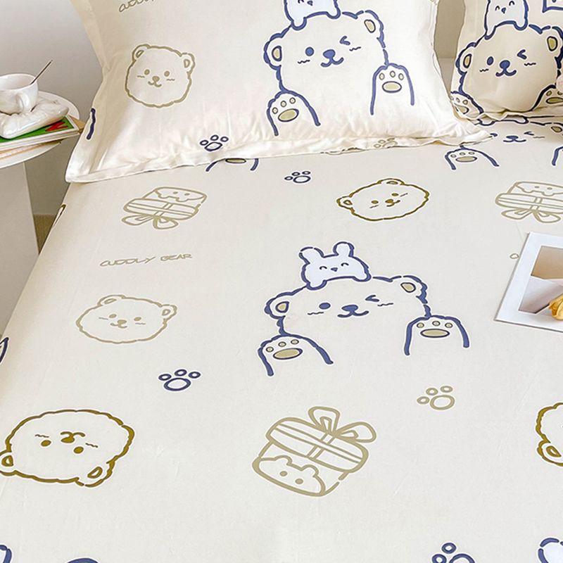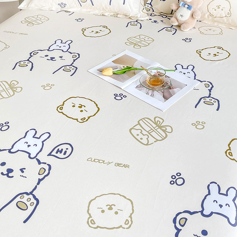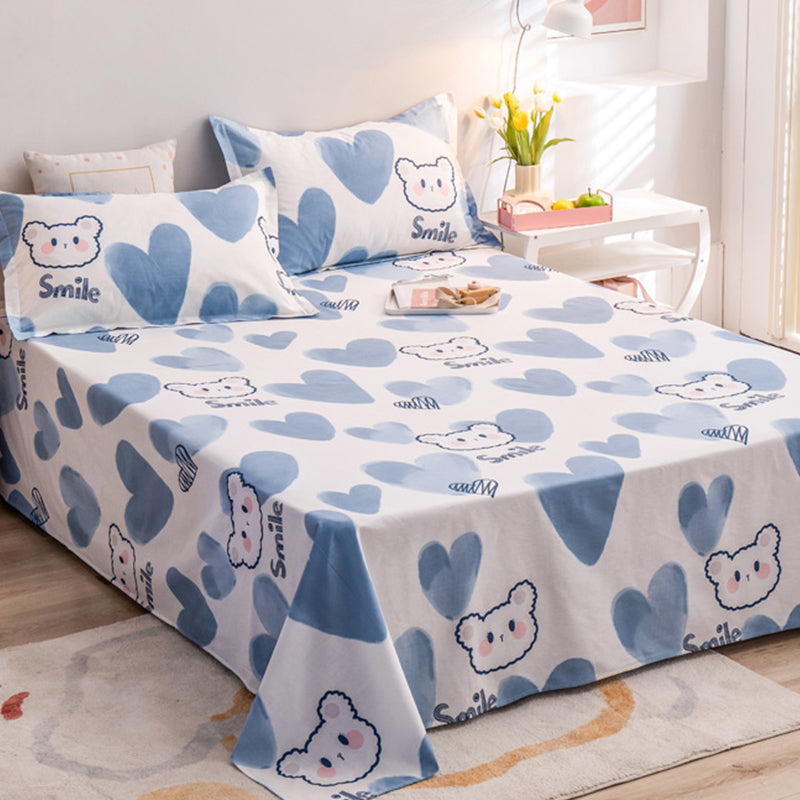 Popular Bed Sheet Cartoon Bear Patterned Fade Resistant Non-Pilling 100 Cotton Bed Sheet
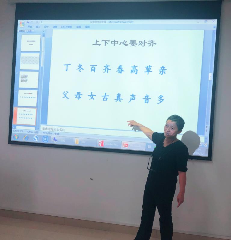 首先,系主任施仁娟对首批驻毛里求斯孔院进行汉语教学的两位老师凯旋归来表示了热烈欢迎。然后张也频老师进行了以“汉字的文化支撑”为题的经验分享。她结合孔院的办学条件和员工特点,认为汉字教学不仅要研究构字和构形,还要和文化、社会、心理、认知等方面联系起来。张老师把自己多年的汉字教学经验凝结在六句话中:左右均衡轴对称,上下中心要对齐,框架饱满内外匀,散点向心有呼应,记音表意源于形,规范生动汉字美。张老师同时还展示了孔院部分员工的作业,确实书写工整、结构匀称、字形美观。接下来陈婧老师以“山海之间”为题进行了经验分享。她先以数张风景优美的图片介绍了毛里求斯这个国家的基本情况,然后结合孔院的教学特点,认为“寓教于乐”是一种很有效的教学方式,即把游戏、演唱、朗诵等形式融入到语言和文化教学中,能够激发当地人极大的汉语学习热情,取得事半功倍的教学效果。两位老师还介绍了毛里求斯的一些风土人情,引发了在座老师对毛里求斯浓厚的兴趣,大家展开了热烈讨论。
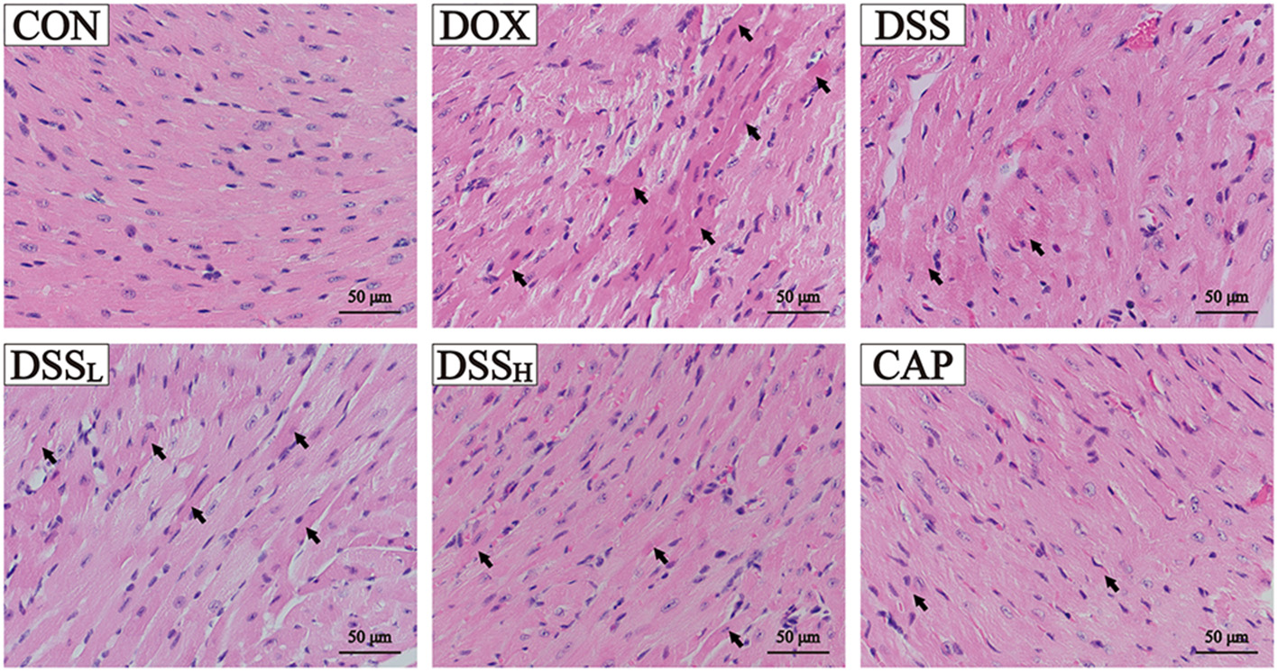Effects of DSS on pathological changes of cardiac tissue as surveyed by H&E staining. DSS on H&E staining in DOX-induced cardiotoxicity in mice. Scale bar = 50 μm (400×).

**Problem**
The expected output is the full data above, reproduced exactly with no images.

**Answer space**
 Popular Bed Sheet Cartoon Bear Patterned Fade Resistant Non-Pilling 100 Cotton Bed Sheet
 首先,系主任施仁娟对首批驻毛里求斯孔院进行汉语教学的两位老师凯旋归来表示了热烈欢迎。然后张也频老师进行了以“汉字的文化支撑”为题的经验分享。她结合孔院的办学条件和员工特点,认为汉字教学不仅要研究构字和构形,还要和文化、社会、心理、认知等方面联系起来。张老师把自己多年的汉字教学经验凝结在六句话中:左右均衡轴对称,上下中心要对齐,框架饱满内外匀,散点向心有呼应,记音表意源于形,规范生动汉字美。张老师同时还展示了孔院部分员工的作业,确实书写工整、结构匀称、字形美观。接下来陈婧老师以“山海之间”为题进行了经验分享。她先以数张风景优美的图片介绍了毛里求斯这个国家的基本情况,然后结合孔院的教学特点,认为“寓教于乐”是一种很有效的教学方式,即把游戏、演唱、朗诵等形式融入到语言和文化教学中,能够激发当地人极大的汉语学习热情,取得事半功倍的教学效果。两位老师还介绍了毛里求斯的一些风土人情,引发了在座老师对毛里求斯浓厚的兴趣,大家展开了热烈讨论。
Effects of DSS on pathological changes of cardiac tissue as surveyed by H&E staining. DSS on H&E staining in DOX-induced cardiotoxicity in mice. Scale bar = 50 μm (400×).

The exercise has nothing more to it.